• _MATERIAL FOR THIS TASK_
=====

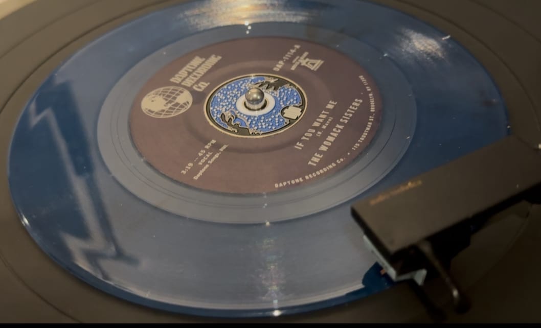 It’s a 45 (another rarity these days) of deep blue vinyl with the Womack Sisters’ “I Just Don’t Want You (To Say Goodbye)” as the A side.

=====

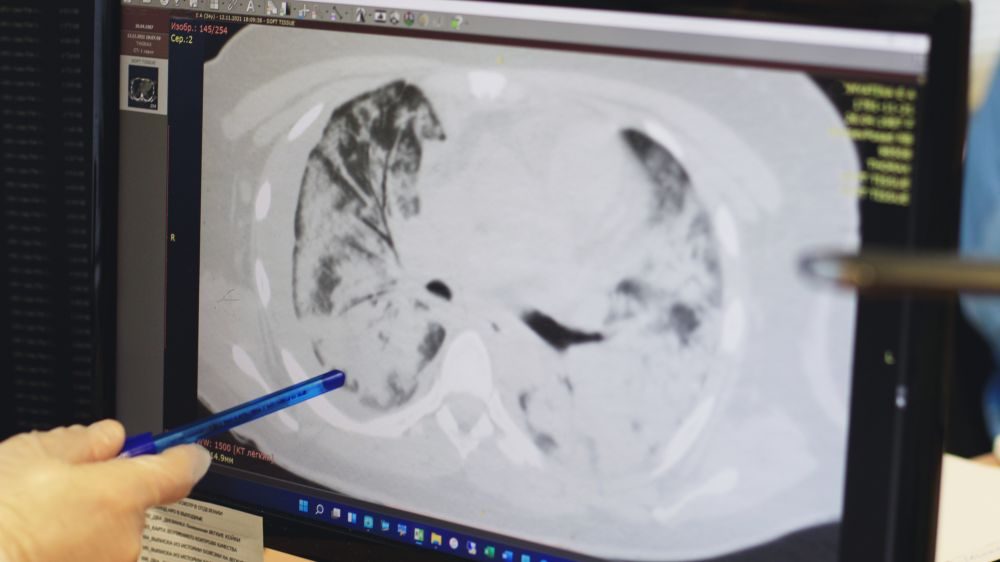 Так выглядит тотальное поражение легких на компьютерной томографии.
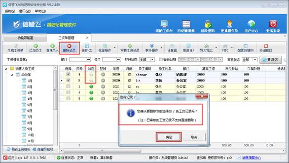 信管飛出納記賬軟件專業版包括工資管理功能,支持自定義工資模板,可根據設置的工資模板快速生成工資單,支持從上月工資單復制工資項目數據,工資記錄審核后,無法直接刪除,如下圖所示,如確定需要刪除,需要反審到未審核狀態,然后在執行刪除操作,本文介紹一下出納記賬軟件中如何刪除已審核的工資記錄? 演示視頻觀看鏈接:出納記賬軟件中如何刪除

=====

• _TASK OBJECTIVE_
Nothing but the lines from the one with "Так выглядит тотальное" to the one with "信管飛出納記賬軟件專業版包括" above, both included, should be transcribed, exactly and without pictures.

• _WRITTEN SOLUTION_
 Так выглядит тотальное поражение легких на компьютерной томографии.
 信管飛出納記賬軟件專業版包括工資管理功能,支持自定義工資模板,可根據設置的工資模板快速生成工資單,支持從上月工資單復制工資項目數據,工資記錄審核后,無法直接刪除,如下圖所示,如確定需要刪除,需要反審到未審核狀態,然后在執行刪除操作,本文介紹一下出納記賬軟件中如何刪除已審核的工資記錄? 演示視頻觀看鏈接:出納記賬軟件中如何刪除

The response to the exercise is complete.